Ты только не печалься, старик, а пройди, пока не принял смену, пройди и глянь по цеху, по участкам и отделениям, пройди, где прошли в общем-то не совсем уж плохо твои десять трудовых годков.
Так… Здесь ты копоть оттирал с окон, оттер и бежал к мастеру — а чо еще, Ван Ваныч? Прежде чем бежать, ты останавливался и глазел ошарашенно на огромную, тянущуюся на сто метров туннельную печь: из каждых двадцати пяти топок выбивается пламя, ну, пламя, огонь — и все, тебе еще и не мерещится то время, когда ты увидишь — это пламя красное, с мутноватым отливом, а это шумное, рвет себя на части, а то голубое, а то чистое-пречистое. И не мерещится то время, когда ты стоишь у крайней, начальной, позиции печи, к тебе подходит знаменитый Галкин и, кивнув на пламя, спрашивает: какая температура?

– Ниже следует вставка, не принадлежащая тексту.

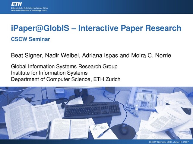 [email protected] Nadir Weibel Dept. of Computer Science ETH Zurich 8092 Zurich, Switzerland
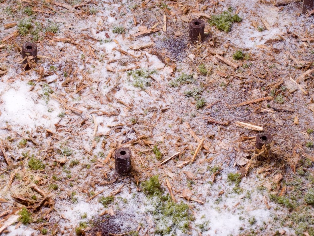 I wanted a forest floor look but wanted to stay away from a leafy look as befits a pine forest. As a result while I went my usual route of blending up some leaf litter as I did for these citadel woods and for my endor table I stayed away from soft leaves (european style!) and went for dried eucalyptus leaves which are much harder and blend down to a powder. That mixed with small twigs gave a nice finish that I think does a decent job of impersonating dropped branches and bark at the scale.
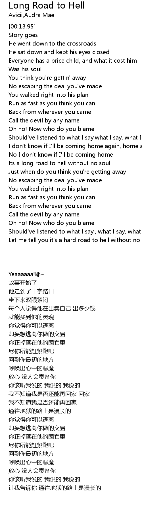 | [02:42.59] | Let me tell you it's a hard road to hell without no soul |

И ты угадываешь, ты, черт возьми, почти наверняка говоришь, какая температура на этой позиции!
А вот формовочный участок, старина, и тебе здесь не хотелось работать, не потому, что здесь и горячо, и пыльно, и тяжко, а хотелось туда, к печи, но Галкин сказал: уважающему себя спецу надо э т о знать. И ты узнавал, почем фунт лиха.
В сушильное отделение ты пошел с охотой, но опять-таки не потому, что на формовке и горячо, и пыльно, и тяжко, а — поближе к печи. Отсюда ты отправлял изоляторы на подвесных вагонетках к глазуровочной машине… Вот это единственное место, где ты не работал, тут женщины — окунают изоляторы в глазурь и ставят на стеллажи. А уж тут, со стеллажей на открытые площадки вагонеток, отправляющихся внутрь туннельной печи, ты ставил, переставил бог весть сколько тысяч изоляторов. Ты был не то чтобы самым отменным ставильщиком, но говорят, потом, когда ты ушел, дела здесь шли чуть хуже, чем при тебе.